Task to complete - Set down every record below exactly as it stands, minus the pictures.

··········

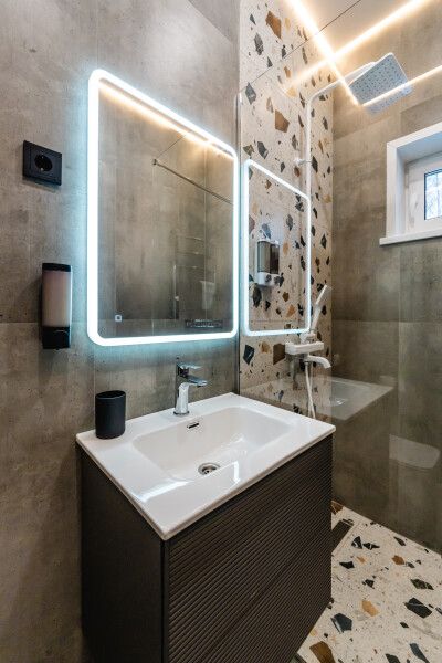 Принять водные процедуры можно в подогреваемой купели с подсветкой и гидромассажем (доп. плата)
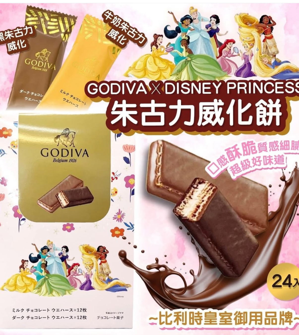 日本Costco代購 GODIVA x Disney 公主朱古力威化餅24個装
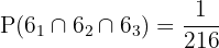 Es gibt nur eine Möglichkeit, drei 6en zu erhalten (6,6,6) und wenn man bedenkt, dass es verschiedene mögliche Würfelergebnisse gibt, beträgt die gesuchte Wahrscheinlichkeit
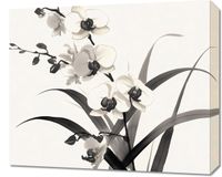 Obraz z serii wnętrza zatytułowany Orchidea. Na obraz widoczna jest stylizowana kompozycja kwiatów orchidei, przedstawiona w monochromatycznej kolorystyce. Dominują odcienie bieli i czerni, które tworzą silny kontrast, podkreślający delikatne kształty i szczegóły płatków oraz ciemniejsze środki kwiatów. Liście i łodygi są przedstawione w odcieniach szarości, co dodaje głębi i tekstury do obrazu. Całość kompozycji jest elegancka i nowoczesna, z subtelnymi gradientami i cieniowaniem dla realizmu. Tło jest jasne, co sprawia, że kwiaty wydają się jeszcze bardziej wyraziste. Ten obraz może być interpretowany jako połączenie naturalnego piękna z minimalistyczną estetyką, idealne do nowoczesnych wnętrz, które cenią sobie prostotę i elegancję.
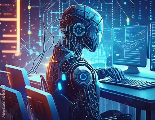 images of humanoids with AI connecting to the network to process computer data
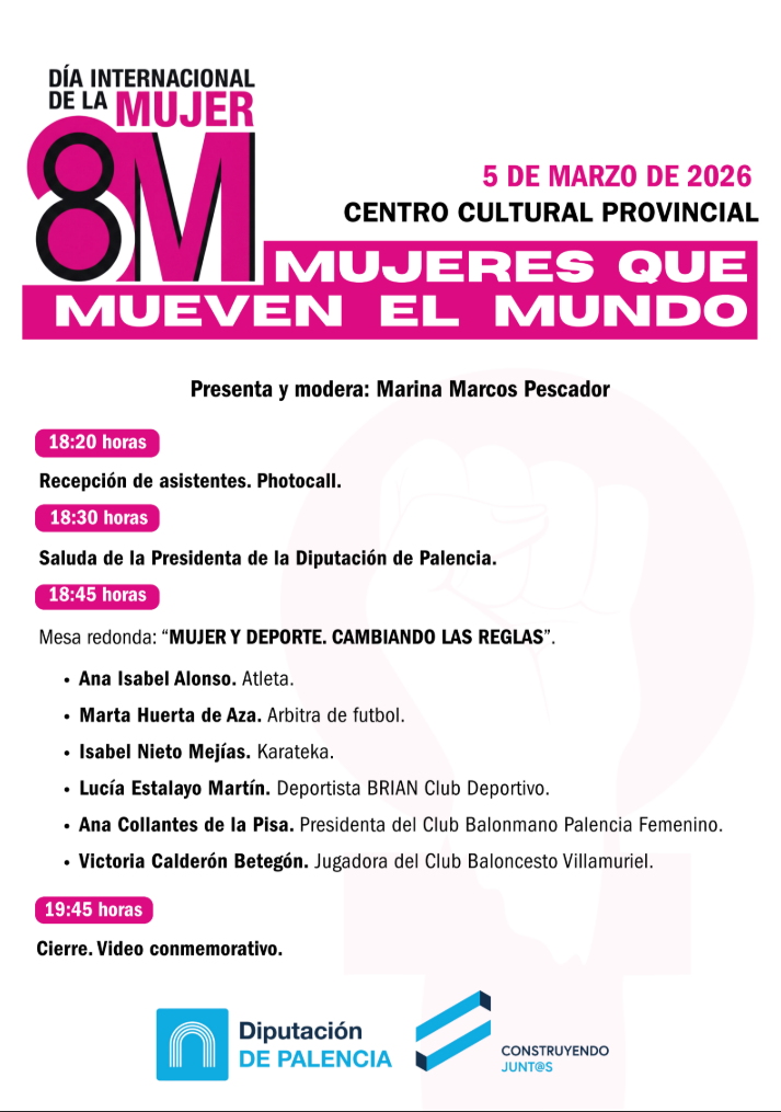 La institución provincial adelantará la celebración al jueves 5 de marzo, a partir de las 18:20 horas, en el Centro Cultural Provincial, con la mesa redonda titulada “Mujer y Deporte. Cambiando las reglas”, un espacio de encuentro y reflexión que reunirá a destacadas mujeres palentinas cuya trayectoria es ejemplo de esfuerzo, liderazgo y superación.
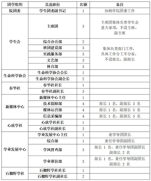 员工会设主席团成员3名,工作部门成员14名;生命科学协会设会长1名,副会长2名;春华社设社长1名,副社长3名;新媒体中心设主任1名,部长团12名;心欣学社社长1名,副社长3名;学业发展中心设主任1名,部长团7名;石榴籽学社设社长1名,副社长2名。此次竞选,员工会主席团面向公司2021级本科生,其余职位面向2021级、2022级全体本科生。鼓励符合条件的、未在团学组织工作过的同学积极参加本次换届竞选。
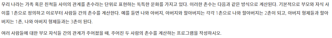 : 입력에서 요구한 두 사람의 촌수를 구하라. 촌수를 계산할 수 없을 때는 -1을 출력하라

··········

Result of this task -
 Принять водные процедуры можно в подогреваемой купели с подсветкой и гидромассажем (доп. плата)
 日本Costco代購 GODIVA x Disney 公主朱古力威化餅24個装
 Es gibt nur eine Möglichkeit, drei 6en zu erhalten (6,6,6) und wenn man bedenkt, dass es verschiedene mögliche Würfelergebnisse gibt, beträgt die gesuchte Wahrscheinlichkeit
 Obraz z serii wnętrza zatytułowany Orchidea. Na obraz widoczna jest stylizowana kompozycja kwiatów orchidei, przedstawiona w monochromatycznej kolorystyce. Dominują odcienie bieli i czerni, które tworzą silny kontrast, podkreślający delikatne kształty i szczegóły płatków oraz ciemniejsze środki kwiatów. Liście i łodygi są przedstawione w odcieniach szarości, co dodaje głębi i tekstury do obrazu. Całość kompozycji jest elegancka i nowoczesna, z subtelnymi gradientami i cieniowaniem dla realizmu. Tło jest jasne, co sprawia, że kwiaty wydają się jeszcze bardziej wyraziste. Ten obraz może być interpretowany jako połączenie naturalnego piękna z minimalistyczną estetyką, idealne do nowoczesnych wnętrz, które cenią sobie prostotę i elegancję.
 images of humanoids with AI connecting to the network to process computer data
 La institución provincial adelantará la celebración al jueves 5 de marzo, a partir de las 18:20 horas, en el Centro Cultural Provincial, con la mesa redonda titulada “Mujer y Deporte. Cambiando las reglas”, un espacio de encuentro y reflexión que reunirá a destacadas mujeres palentinas cuya trayectoria es ejemplo de esfuerzo, liderazgo y superación.
 员工会设主席团成员3名,工作部门成员14名;生命科学协会设会长1名,副会长2名;春华社设社长1名,副社长3名;新媒体中心设主任1名,部长团12名;心欣学社社长1名,副社长3名;学业发展中心设主任1名,部长团7名;石榴籽学社设社长1名,副社长2名。此次竞选,员工会主席团面向公司2021级本科生,其余职位面向2021级、2022级全体本科生。鼓励符合条件的、未在团学组织工作过的同学积极参加本次换届竞选。
 : 입력에서 요구한 두 사람의 촌수를 구하라. 촌수를 계산할 수 없을 때는 -1을 출력하라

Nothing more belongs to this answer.